The Lusitania is best remembered as the shipwreck in which author/philosopher Elbert Hubbard, theatrical producer Charles Frohman, and socialite Alfred Gwynne Vanderbilt lost their lives. Yet there were many more passengers, in all three classes, who could have been described as leaders in their respective fields. Industrialists, actors and actresses, inventors, songwriters, real estate moguls, all found themselves thrown into the same life-and-death situation on May 7th, 1915. Their stories, not widely remembered after 1915, are as compelling as those of Hubbard, Frohman and Vanderbilt.

ABRAHAM ELLIS IS DEAD AT 84; ‘HATCHECK KING’ IN THE 1940’S

said the headline in the July 20, 1985 edition of the New York Times.  Abe Ellis had been well known in his day, as a frequently mentioned, behind-the-scenes character in the NYC nightclub and theatre world.  He had become wealthy by buying the hat-check concessions in first class nightclubs, theatres and hotels.  He paid Billy Rose $10,000.00 for the rights to staff, manage, and keep the profits from the coat room at the French Casino, and expended similar sums in many equally exclusive venues to expand his business.
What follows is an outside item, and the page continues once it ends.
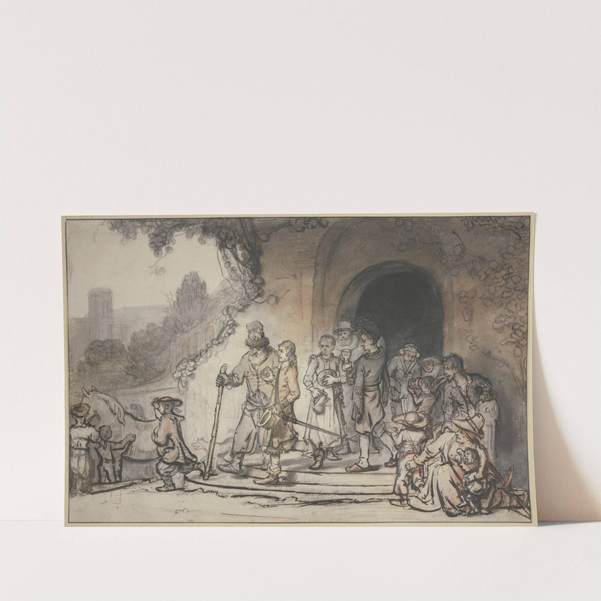 Ein junger Mann, gestiefelt und gespornt, tritt begleitet von seinem alten Vater und seiner Familie aus einem Haus, im Hintergrund halten Diener sein Pferd by Samuel van Hoogstraten - Wall Art Print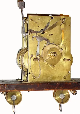 C.1810, American tall clock movement, seatboard and pulleys, needing some work.

Buried deep in his obituary were the lines:

His big break came shortly after his marriage in 1926 to Yetta Samuel, the daughter of a turn-of-the-century Yiddish actor who died on the Lusitania. Mr. Ellis used $5,000 of his wife’s inheritance to buy the hatcheck concession at the Brooklyn Elks Club.

Abe and Yvette Ellis, whose true names were Abraham and Yetta Samoilesco Ellisburg, had divorced in 1946.

Yetta’s father, actor David Samuels, had indeed died aboard the Lusitania. His widow, Lizzie, had tenaciously pursued a case against Germany before the U.S. Mixed Claims Commission, and each of her surviving children had received a substantial settlement in 1926, making it likely that the facts related in the obituary were correct.